Table 1. Cytokinesis proteins present in the genomes of free-living bacteria as detected by amino acid sequence.

There is a one major problem with this suggestion. Proteins can be identified either by their function or by their amino acid sequence. Most of the missing cytokinesis proteins in these bacteria have been determined to be missing because their amino acid sequence is not found. But it is possible that a different protein is fulfilling the same role as the missing protein. For instance, the amino acid sequence of the MinE protein is not found in the bacterium Bacillus subtilis, but a protein designated DivIVA has been detected that fulfills the role of the MinE protein (Boche and Pichoff, 1998). Therefore, in B.subtilis the cytokinesis apparatus appears to be irreducibly complex even though it lacks MinE.

Using the Intelligent Design model, we could predict that since an irreducibly complex FtsZ-dependent cytokinesis mechanism exists in E.coli and B.subtilis, and since it appears to be essential to bacterial life, a similar system may exist in all bacteria. The components of the system could be different structurally but their functions would be the same or similar. At this point, however, since all the components have not been identified in all bacteria, all we can conclude is that the cytokinesis apparatus of E.coli fits the definition of an irreducibly complex system.

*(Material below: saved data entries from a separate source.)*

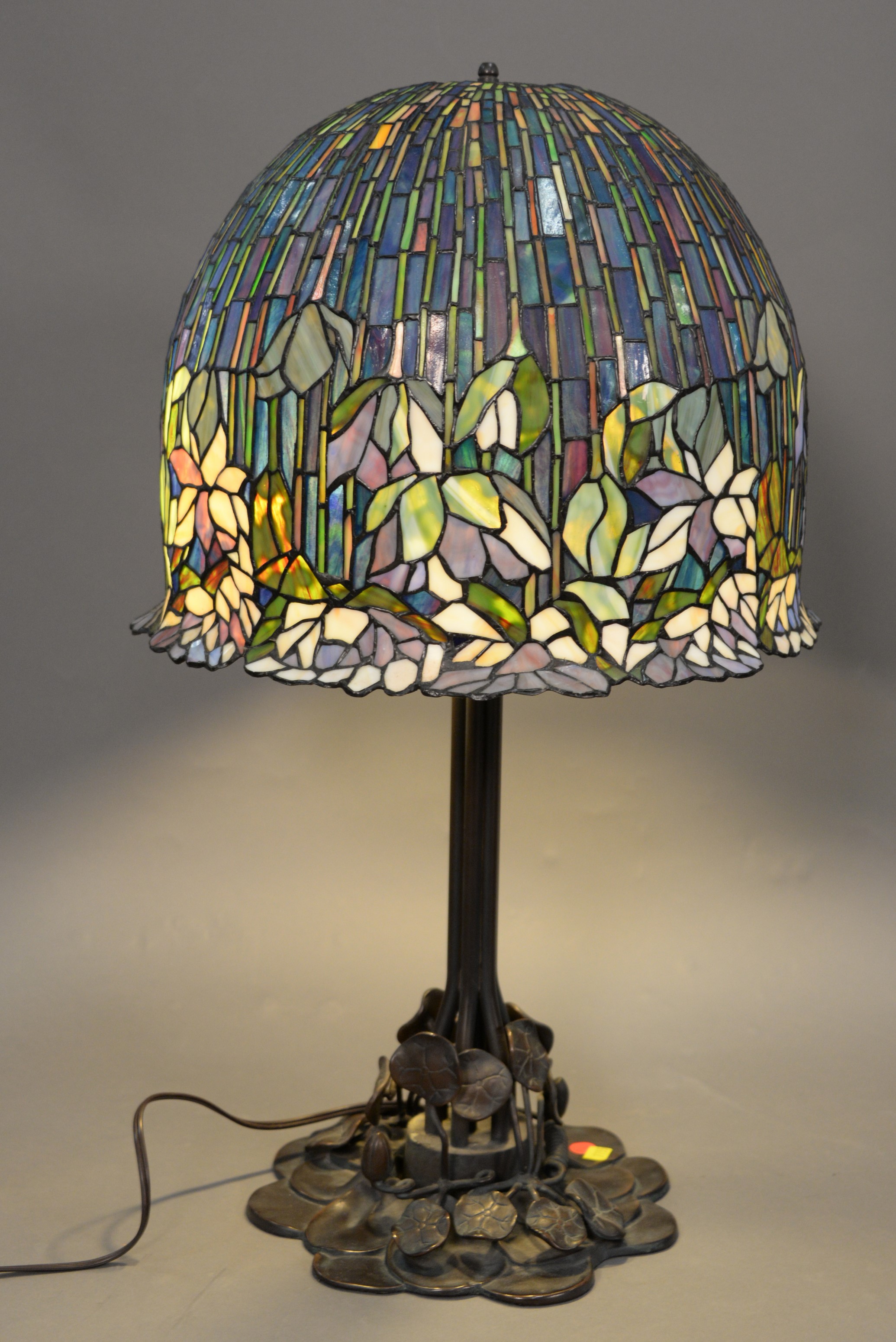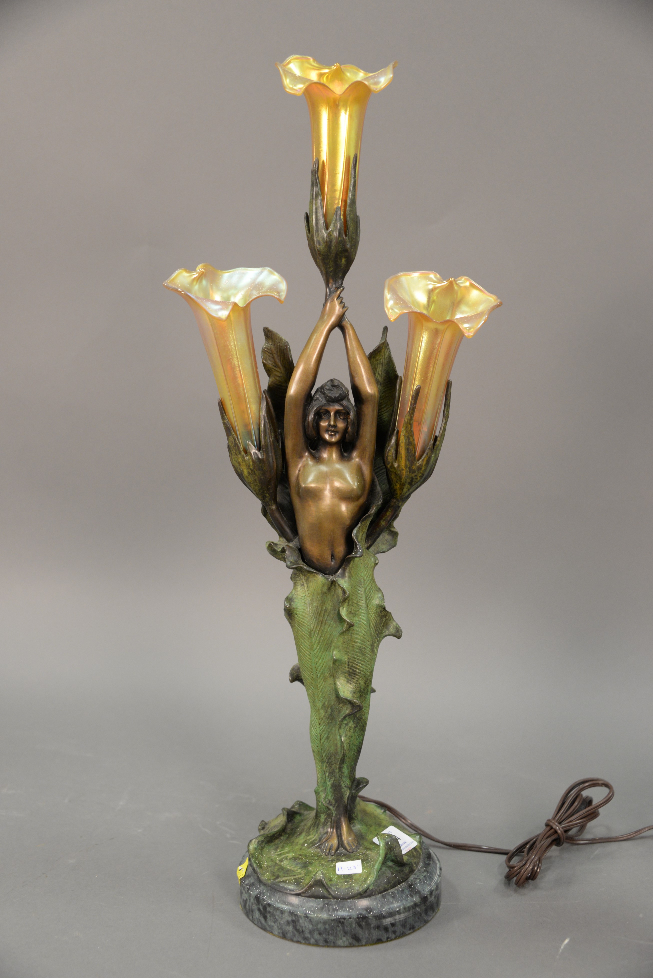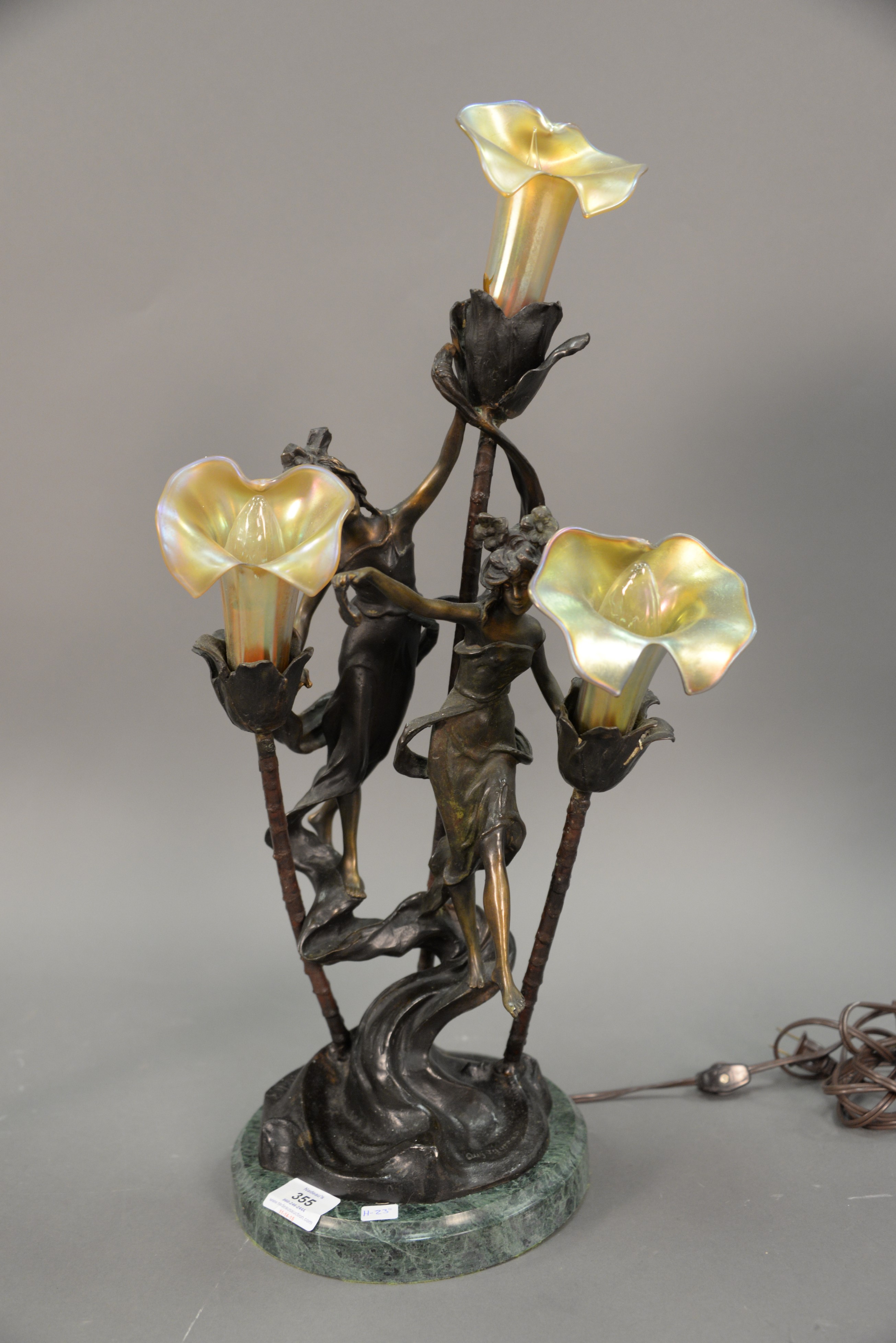 After Julien Causse 1869-1914 Art Nouveau bronze figural lamp, three light with iridescent shades, inscribed signature on raised marble base. ht. 25 in.
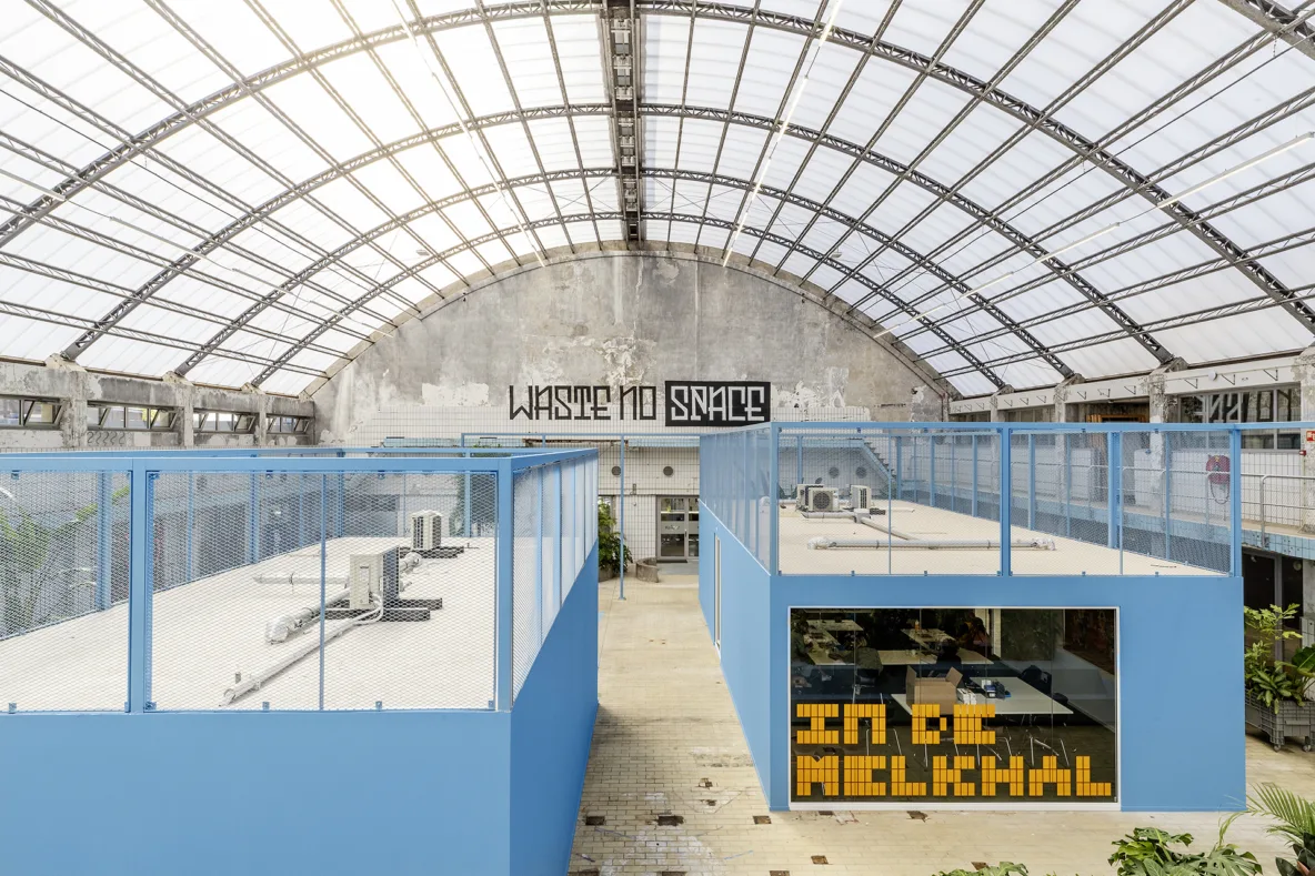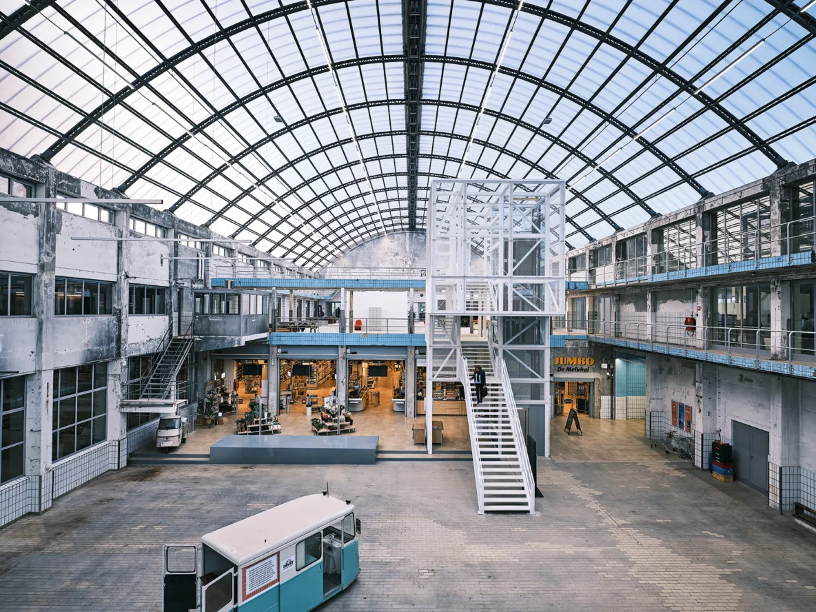 Wie de Melkhal binnenstapt, wordt direct getroffen door de spectaculaire overkapping. Het was nog even spannend of die in ere hersteld kon worden. Jarenlange leegstand en vandalisme hadden hun sporen achtergelaten en zelfs bomen groeiden door het dak. De kap leek aanvankelijk een groot risico in de ontwikkeling, niemand wist of de constructie nog sterk genoeg was. Gelukkig bleek de staalconstructie sterk en kon het dak volledig worden hersteld. De lichtinval die daardoor de ruimte vult, geeft de Melkhal haar karakteristieke sfeer terug.
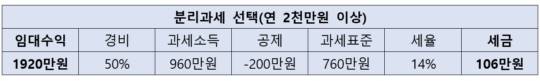 ▲ "월세 20만원 올렸는데 세금은 300만원 더 나왔어요" 근로소득자 A씨는 매달 160만원씩 월세 수입을 올리고 있었다. 연간 1920만원으로 분리 과세가 가능한 금액이다. 연간 임대소득이 2천만원 이하라면 분리 과세와 종합 과세를 선택할 수 있기 때문이다. 분리과세를 선택한 B씨가 내야 할 세금은 다음과 같다.
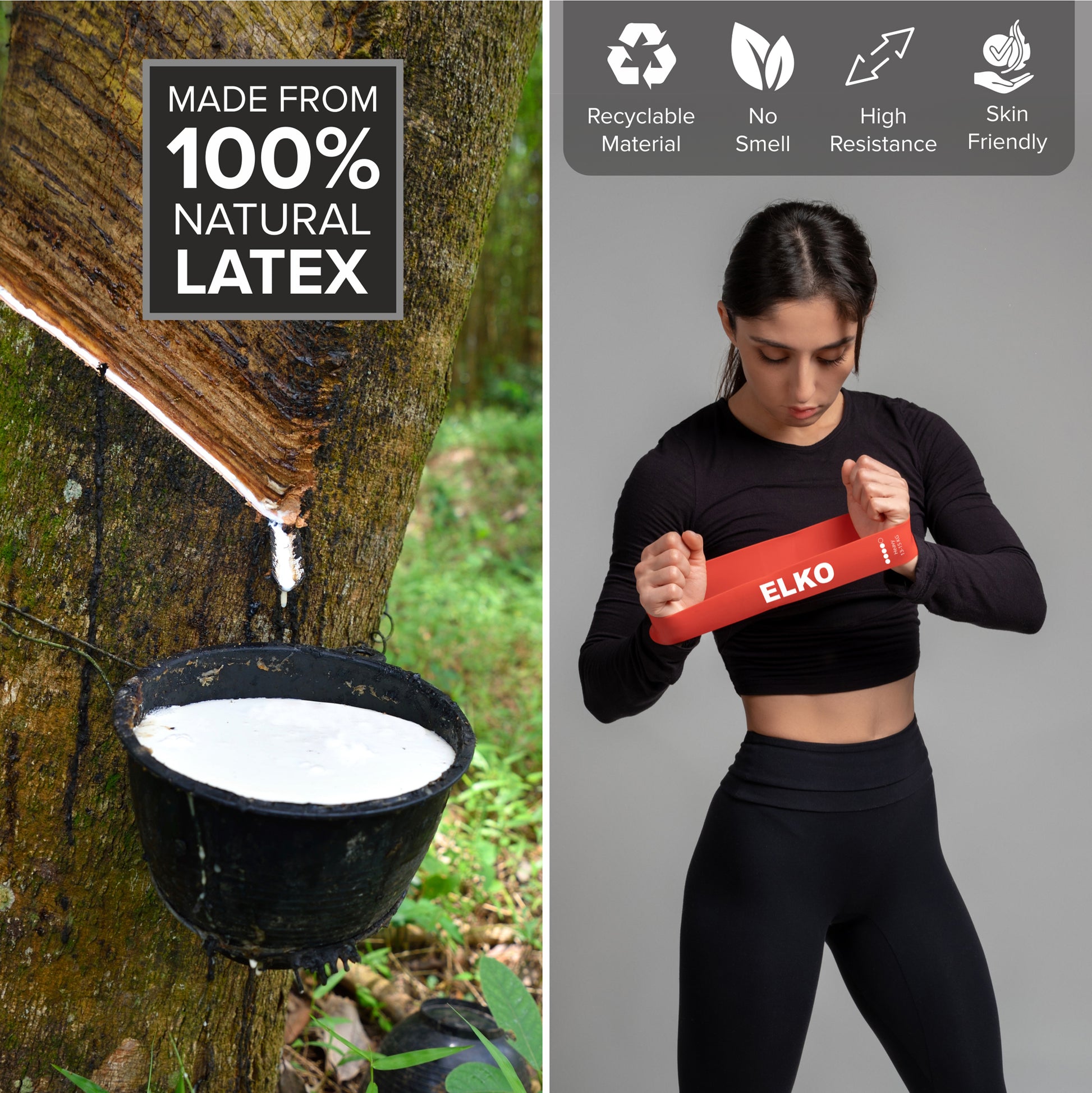 Made from 100% latex. Comes in 5 different resistance strength levels: X-Light, Light, Medium, Heavy and X-Heavy. They’re suitable for beginner or a seasoned workout sportsman.
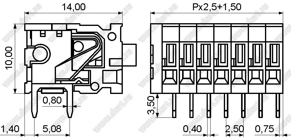 Каталог > Электронные компоненты, радиодетали > Клеммники (колодки клеммные) > Клеммники нажимные безвинтовые для монтажа в отверстия печатных плат > Клеммники нажимные безвинтовые (шаг 2,50 мм) > KF141AR-2.5 серия > KF141AR-2.5-01P-14
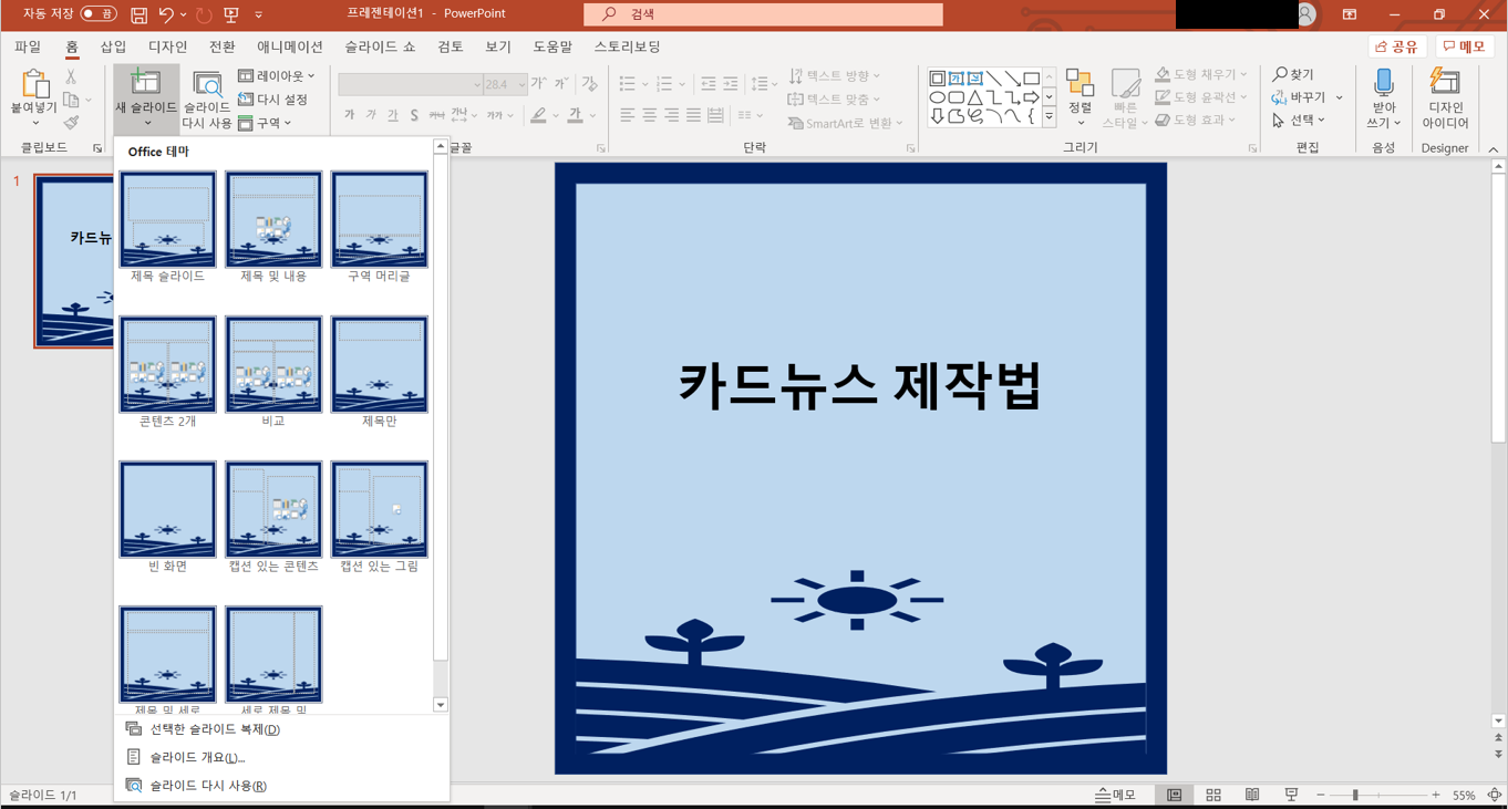 파일을 클릭해보면 아래 처럼 카드뉴스가 만들어져 있는 것을 확인할 수 있습니다.
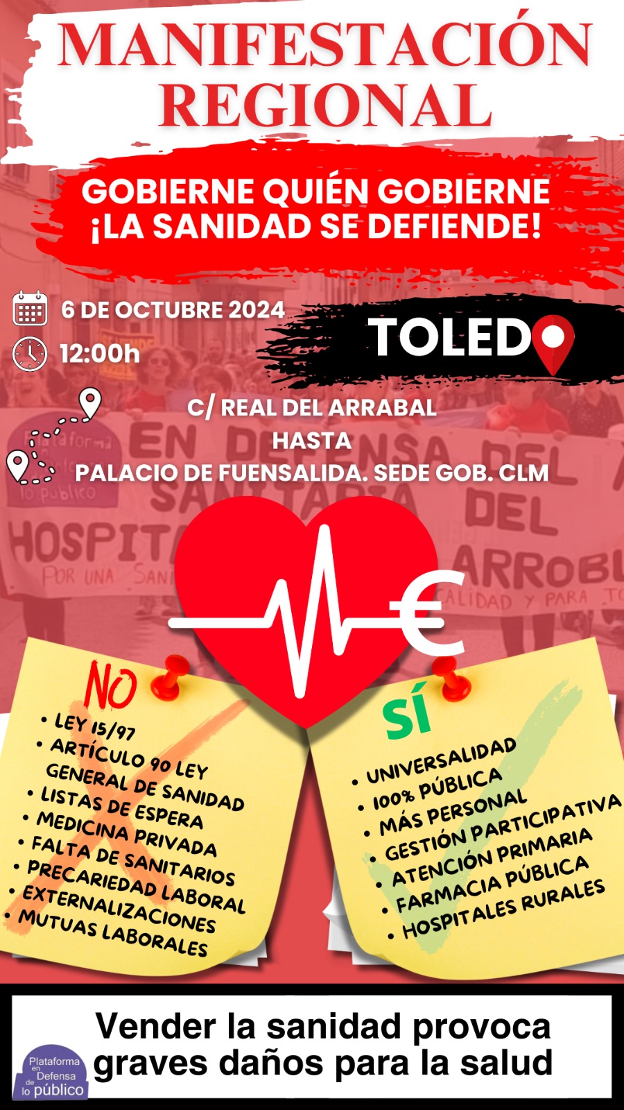 El próximo 6 de octubre de 2024 manifestación por una sanidad 100% pública y de calidad.
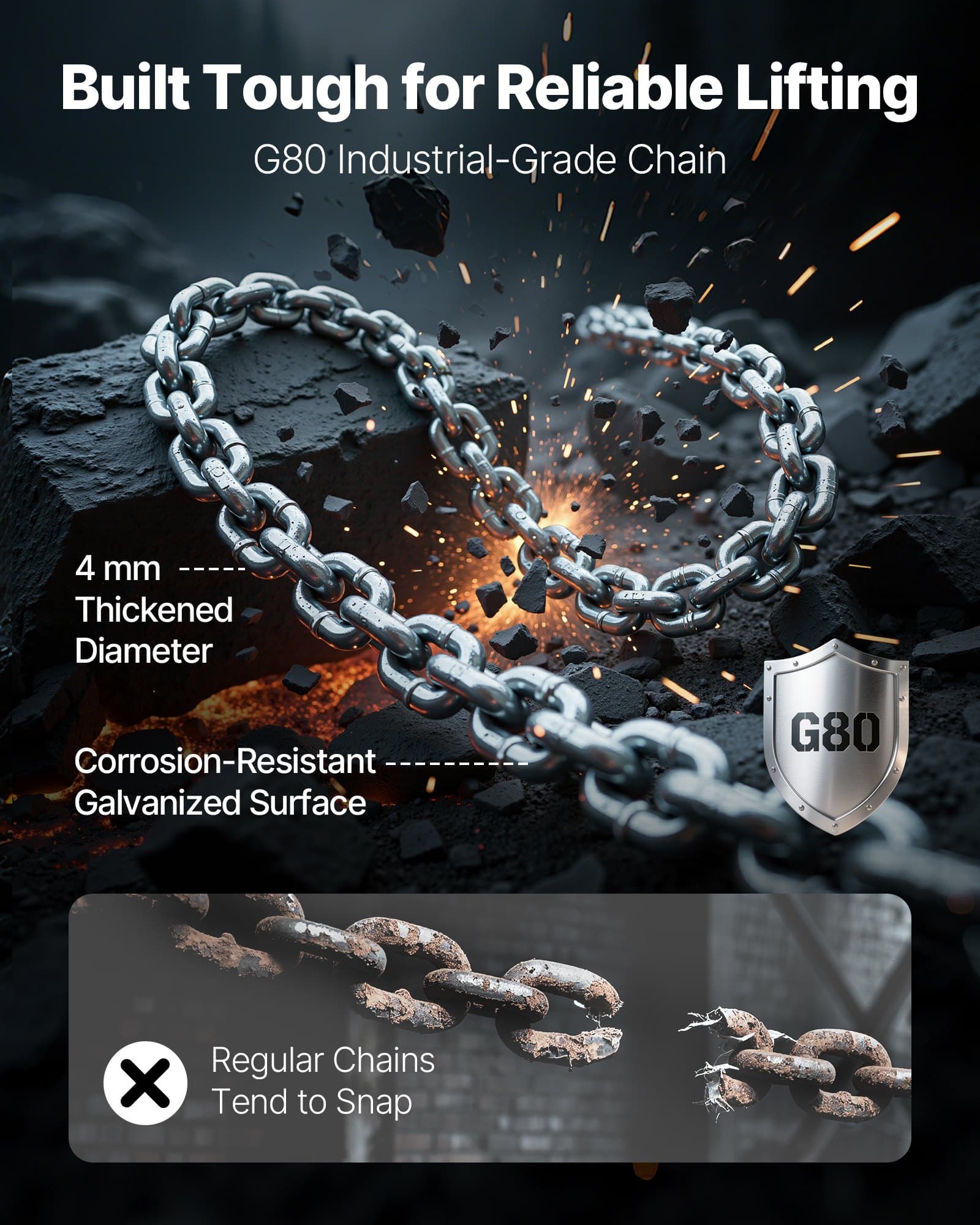 • G80 Industrial-Grade Chain: The chain hoist comes with 20 Ft / 6 m G80 alloy chain, 4 mm thick, galvanized for corrosion-resistance. Strong and sturdy for harsh work, ensuring reliable lifting in construction, warehouses, and industrial tasks

Since the complete genomes of several bacteria are known, it would be interesting to analyze these genomes by sequence analysis for the presence of components of the FtsZ-dependent cytokinesis apparatus. This would allow us to begin to determine which components exist and which have yet to be identified. This analysis would also help determine the minimal requirements needed for a cytokinesis apparatus and would represent a first step toward elucidating whether a simple or even non-irreducibly complex cytokinesis system exists.

Evidence from amino acid sequences

FtsZ has been detected in all free-living bacteria analyzed for its presence. Based on data derived from the study of E.coli we will hypothesize that the proteins FtsZ, FtsA, MinC, MinD, and MinE/DivIVA represent a core cytokinesis apparatus. Table 1 shows which of these proteins have been detected by amino acid sequence analysis in the thirteen free-living bacteria whose complete genomes have been determined. Five of the thirteen bacteria species possess a full complement of these proteins. In the others, one or more of the proteins are missing. It is interesting to note that at least one Min protein is present with FtsZ in all the bacterial species. Could some of the Min proteins perform multiple roles, or is one Min protein sufficient? We could argue that perhaps the combination of FtsZ, one binding protein, and one septum-locator protein like MinE, represents a minimal irreducibly complex cytokinesis apparatus in bacteria. At least, so far the evidence points toward this conclusion. However some bacteria like mycoplasma, which often require a host cell and complex growth requirements, appear to be missing the amino acid sequence for a majority of these factors. Therefore, until all bacteria are analyzed, and cytokinesis proteins detected, we cannot make the claim that an irreducibly complex cytokinesis system is a universal phenomena in all free-living bacteria.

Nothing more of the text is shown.